Graziani, who made his fierce reputation by fighting defenseless natives in Africa, was in a fair way to lose his lustre in the Libyan sands. To excuse himself, he last week issued a report to II Duce which was, to military historians, an amazing mixture of accusation, frankness and bombast.
In reviewing what led to the siege of Bardia, the Libyan commander passed the buck neatly to Rome, laying blame for his defeat on lack of motor transport and of armored power. "For the purpose of economizing transportation some units covered hundreds of kilometres afoot. . . . We lacked only a complement of motor vehicles which, as you know, were pouring in from the mainland." "Pouring in" was probably a gross exaggeration, considering the work of the British Fleet, which periodically prowled across the Italian sea lane to Libya.
By implication, Graziani further criticized the ability of the much-touted Italian Air Force. With its home bases and production much nearer Africa than were Britain's, this arm was admittedly overwhelmed by R. A. F. when the attack began. The Italian air fleet was bombed in its bases clear west to Castel Benito and Tripoli. In effect it never got off the ground, like the Polish Air Force in September 1939.
Though Graziani did not specifically say so, another grave weakness of his arms was his Libyan Divisions, the 1st and 2nd, whose quick collapse and capture clearly suggested defection among the askari (native) troops. Due praise went to General Maletti, "who fell as a Roman" at the head of other native battalions, but curiously comic was Graziani's mention of the "iron-like" January Third Blackshirt Division which "valorously resisted for two days" at Sidi Barrani. Last week the British had counted 38,114 prisoners of whom 24,845 were Italians, the rest Libyans.

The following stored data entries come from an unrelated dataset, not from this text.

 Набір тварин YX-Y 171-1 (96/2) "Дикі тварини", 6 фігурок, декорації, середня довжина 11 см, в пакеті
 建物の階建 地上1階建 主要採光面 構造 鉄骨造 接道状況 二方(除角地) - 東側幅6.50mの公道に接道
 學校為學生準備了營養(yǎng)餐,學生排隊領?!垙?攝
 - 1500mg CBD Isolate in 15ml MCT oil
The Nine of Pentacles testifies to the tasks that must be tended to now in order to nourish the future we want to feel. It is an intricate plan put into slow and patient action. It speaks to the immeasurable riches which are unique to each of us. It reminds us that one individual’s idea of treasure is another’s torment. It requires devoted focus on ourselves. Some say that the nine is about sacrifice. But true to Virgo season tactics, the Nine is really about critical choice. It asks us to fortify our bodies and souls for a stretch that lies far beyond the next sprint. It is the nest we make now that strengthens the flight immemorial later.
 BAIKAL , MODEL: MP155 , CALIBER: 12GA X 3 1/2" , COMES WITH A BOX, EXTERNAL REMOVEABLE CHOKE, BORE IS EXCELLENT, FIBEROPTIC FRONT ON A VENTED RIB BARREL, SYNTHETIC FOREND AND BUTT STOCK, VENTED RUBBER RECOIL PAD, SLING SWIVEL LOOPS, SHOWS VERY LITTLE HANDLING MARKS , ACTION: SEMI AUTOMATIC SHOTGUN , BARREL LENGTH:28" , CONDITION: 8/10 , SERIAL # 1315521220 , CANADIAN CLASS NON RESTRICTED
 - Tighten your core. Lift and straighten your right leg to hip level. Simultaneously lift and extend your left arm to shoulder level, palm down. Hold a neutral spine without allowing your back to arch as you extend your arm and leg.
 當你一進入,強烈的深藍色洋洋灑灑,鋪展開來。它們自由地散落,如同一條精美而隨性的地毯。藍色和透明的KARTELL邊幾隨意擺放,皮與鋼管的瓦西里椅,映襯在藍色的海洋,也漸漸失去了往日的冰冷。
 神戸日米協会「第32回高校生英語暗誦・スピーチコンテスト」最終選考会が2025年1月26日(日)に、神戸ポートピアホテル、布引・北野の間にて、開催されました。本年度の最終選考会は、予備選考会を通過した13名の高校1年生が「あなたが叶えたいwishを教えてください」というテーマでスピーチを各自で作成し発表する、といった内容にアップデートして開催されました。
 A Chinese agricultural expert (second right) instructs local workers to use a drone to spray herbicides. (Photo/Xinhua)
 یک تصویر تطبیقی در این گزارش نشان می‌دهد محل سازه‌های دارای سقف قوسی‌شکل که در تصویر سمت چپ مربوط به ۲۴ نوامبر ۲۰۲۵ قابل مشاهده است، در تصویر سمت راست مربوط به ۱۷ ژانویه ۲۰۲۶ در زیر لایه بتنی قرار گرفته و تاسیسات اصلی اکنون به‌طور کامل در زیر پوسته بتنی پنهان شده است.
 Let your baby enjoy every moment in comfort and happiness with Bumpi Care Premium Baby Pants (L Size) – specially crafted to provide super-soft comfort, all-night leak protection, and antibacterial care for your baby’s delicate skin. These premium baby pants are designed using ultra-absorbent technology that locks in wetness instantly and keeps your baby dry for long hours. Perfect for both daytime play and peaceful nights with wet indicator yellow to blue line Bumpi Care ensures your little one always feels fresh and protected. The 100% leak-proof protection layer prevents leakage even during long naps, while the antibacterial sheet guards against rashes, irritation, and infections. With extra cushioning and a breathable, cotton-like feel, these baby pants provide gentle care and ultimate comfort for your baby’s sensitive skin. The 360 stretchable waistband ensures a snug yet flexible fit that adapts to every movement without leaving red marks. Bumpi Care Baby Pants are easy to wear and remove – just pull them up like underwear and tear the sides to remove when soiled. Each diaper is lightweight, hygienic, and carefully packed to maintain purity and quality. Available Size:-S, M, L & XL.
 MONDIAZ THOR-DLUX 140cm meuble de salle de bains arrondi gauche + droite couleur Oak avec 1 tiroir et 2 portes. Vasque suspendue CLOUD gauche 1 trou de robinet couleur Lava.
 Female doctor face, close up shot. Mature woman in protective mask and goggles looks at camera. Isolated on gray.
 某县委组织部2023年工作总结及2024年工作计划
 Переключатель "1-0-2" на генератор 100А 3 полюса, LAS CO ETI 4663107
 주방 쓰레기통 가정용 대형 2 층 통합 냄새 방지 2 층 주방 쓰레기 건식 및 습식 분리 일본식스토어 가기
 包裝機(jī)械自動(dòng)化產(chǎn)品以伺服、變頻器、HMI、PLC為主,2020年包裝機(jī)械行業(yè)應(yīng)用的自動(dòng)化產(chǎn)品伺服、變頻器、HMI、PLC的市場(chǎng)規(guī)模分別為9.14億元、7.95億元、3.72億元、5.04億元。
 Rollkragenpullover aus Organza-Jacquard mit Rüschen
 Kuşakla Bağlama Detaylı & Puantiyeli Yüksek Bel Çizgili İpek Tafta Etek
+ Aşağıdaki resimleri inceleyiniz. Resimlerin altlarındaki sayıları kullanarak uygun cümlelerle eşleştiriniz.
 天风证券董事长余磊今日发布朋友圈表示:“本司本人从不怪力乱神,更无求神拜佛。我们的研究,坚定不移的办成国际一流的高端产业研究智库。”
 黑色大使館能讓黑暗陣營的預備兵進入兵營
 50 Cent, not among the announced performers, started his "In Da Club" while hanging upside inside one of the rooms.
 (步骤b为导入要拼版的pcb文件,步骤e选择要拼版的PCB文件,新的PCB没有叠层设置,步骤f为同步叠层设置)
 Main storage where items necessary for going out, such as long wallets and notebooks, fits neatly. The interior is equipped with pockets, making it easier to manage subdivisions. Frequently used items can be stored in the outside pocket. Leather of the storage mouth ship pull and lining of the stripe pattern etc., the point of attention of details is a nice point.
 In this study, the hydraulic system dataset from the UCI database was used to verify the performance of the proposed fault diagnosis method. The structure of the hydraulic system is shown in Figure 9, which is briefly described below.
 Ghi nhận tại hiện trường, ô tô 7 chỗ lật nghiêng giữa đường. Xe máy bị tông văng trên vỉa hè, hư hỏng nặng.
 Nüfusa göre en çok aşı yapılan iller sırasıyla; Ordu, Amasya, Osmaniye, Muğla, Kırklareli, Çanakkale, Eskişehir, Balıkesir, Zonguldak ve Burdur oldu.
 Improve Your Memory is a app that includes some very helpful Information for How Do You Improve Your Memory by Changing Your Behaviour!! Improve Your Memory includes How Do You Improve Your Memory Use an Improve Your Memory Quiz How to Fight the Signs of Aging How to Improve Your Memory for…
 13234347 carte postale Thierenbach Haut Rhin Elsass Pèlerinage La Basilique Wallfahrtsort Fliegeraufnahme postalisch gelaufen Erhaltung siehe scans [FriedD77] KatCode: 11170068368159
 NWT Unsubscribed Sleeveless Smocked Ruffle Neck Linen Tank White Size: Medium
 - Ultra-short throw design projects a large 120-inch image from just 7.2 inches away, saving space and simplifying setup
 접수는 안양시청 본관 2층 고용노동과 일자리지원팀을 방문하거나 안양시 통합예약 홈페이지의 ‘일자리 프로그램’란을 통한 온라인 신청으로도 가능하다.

Looking out for his own hide, Graziani insisted that he had not been surprised.
He knew the attack was coming, he said --but evidently his scout patrols and air reconnaissance failed to estimate the British strength or detect signs of the flanking movement which was the successful feature of the attack. "Against strongholds occupied by our troops in flat desert terrain and without any possibility of tactics," he wrote, "the enemy had an opportunity of employing masses of armored units, armored cars, medium and heavy tanks supported by mobile artillery and with the effective cooperation of air forces.
The brief preparation generally was entrusted to artillery and aviation.
"As soon as the massacring air bombardment ceased, armored units struck from ever)' direction against our troops.
Thus, despite the fiercest resistance, our strongholds within a few hours were taken one by one. . . .
"The essential reason for the enemy's lightning-like initial success must be attributed to the crushing superiority of the enemy's armored units. . . .
"If today--twelve days from the beginning of the offensive--British armored divisions mark time before the port of Bardia, this is exclusively due to the bravery of the soldiers of Italy of the land and air, who know how bravely to oppose the enemy by dying without sparing themselves.
"Once again I confirm in categoric manner that all down here have done their duty to the limits possible. If the number of those who had the misfortune to fall prisoner is high, this must not make you doubt their valor--they resisted with a will to resist until the very end. . . ."
* Big-gun men invent appropriate names for their weapons. A whopper with the A. E. F. First Army Artillery was called "Can Do."